The Agency for Toxic Substances and Disease Registry, part of the U.S. Department of Health and Human Services, will meet with residents from 6:30 to 8:30 tonight at the Elmore Community Center, 410 Clinton St., to outline how the samples will be collected.

Two years ago, the agency cited the need for further investigation after tests concluded that no beryllium levels posing a health hazard were in recent water or air samplings near the plant.

But the agency said it could not fully evaluate possible environmental pathways for beryllium exposure away from the plant because of what it called “data gaps” in a study by the Ohio Environmental Protection Agency and by the company.

Beryllium is a strong, lightweight metal used in the defense, automotive, and electronics industries. Beryllium dust can cause chronic and sometimes fatal lung disease for those who inhale it. More than 1,200 people nationwide, including former and current Brush Wellman employees, have contracted beryllium disease since the 1940s.

In 1999, The Blade documented a 50-year pattern of misconduct by the federal government and the beryllium industry. Among the findings: Government and industry officials knowingly allowed workers to be exposed to unsafe levels of beryllium dust.

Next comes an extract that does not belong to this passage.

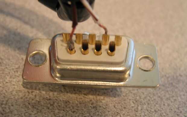 Ahora conectar los cables de calibre más pequeño a los grandes cables y soldarlos al conector del puerto serie. Usted tendrá que soldar los cables a los pines 4 y 6. Puesto que sólo estamos completando un circuito, no importa cual cable va a qué pin sólo asegúrese de llegar 4 y 6. El conector de que llegar será marcado con los números y también se pueden ver que pines necesita adjuntar a continuación.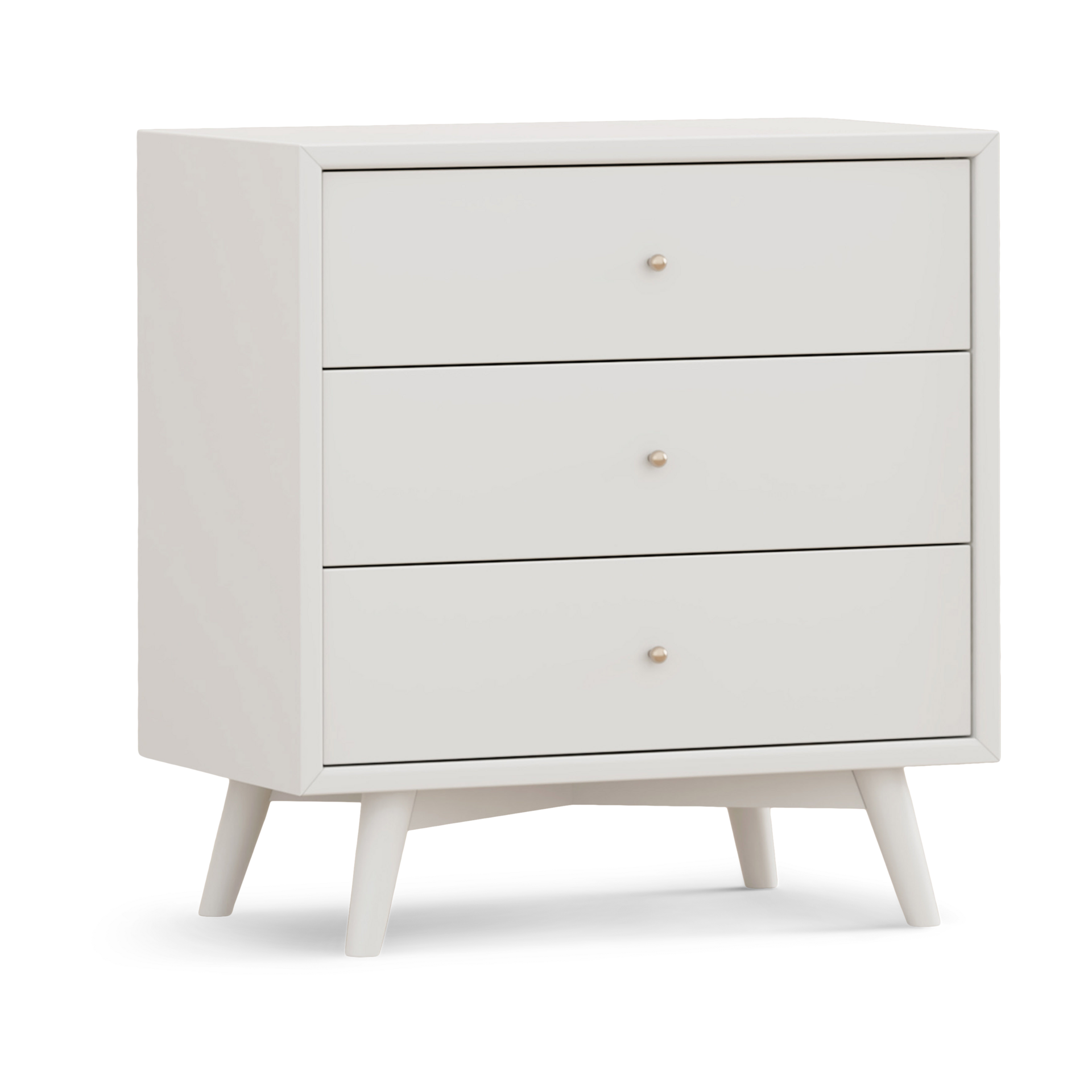 The Palma 3-Drawer Dresser is a sophisticated mid-century inspired design with tapered legs, brushed metal hardware and smooth-glide drawers.

The series sparked major safety reforms. The Blade detailed how beryllium disease is emerging in a variety of industries, including machining, recycling, and the dental businesses.

Peter Kowalski, an environmental health specialist at the agency's Atlanta headquarters, said in a telephone interview Friday the new study will be focused on the level of exposure that may be caused by beryllium dust that left the plant on workers' clothing, and on dust from past emissions.

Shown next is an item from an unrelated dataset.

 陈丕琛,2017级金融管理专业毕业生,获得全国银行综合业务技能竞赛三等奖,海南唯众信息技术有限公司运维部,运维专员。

Tonight's meeting will discuss the exposure investigation and outline the method of collecting random samples. To help interpret the data, a separate sampling will be conducted in 25 homes in a community about 50 miles upwind, Mr. Kowalski said.

The sampling in Elmore, a village of 1,426 people about 18 miles southeast of Toledo, could begin later this year, once a public comment period is completed Aug. 15. Consent of homeowners will be required for voluntary participation.

Crews of two to three people will visit homes, spending about two hours interviewing the residents and taking samples to test for beryllium dust. The project is expected to take several weeks, Mr. Kowalski said.

“We can collect samples in every home because of the logistics,” Mr. Kowalski said, adding that the agency wants to sample most homes adjacent to the plant.

Loretta Bush, health communications specialist for the Agency for Toxic Substances and Disease Registry, said the cost of the project has not been determined. The cost will depend on the number of surveyors needed and the number of volunteers for the sampling.

“We really can't put a number on the cost yet,” she said.

Reports to homeowners with individual results and to the community at large won't go out until three to six months after the sampling is completed.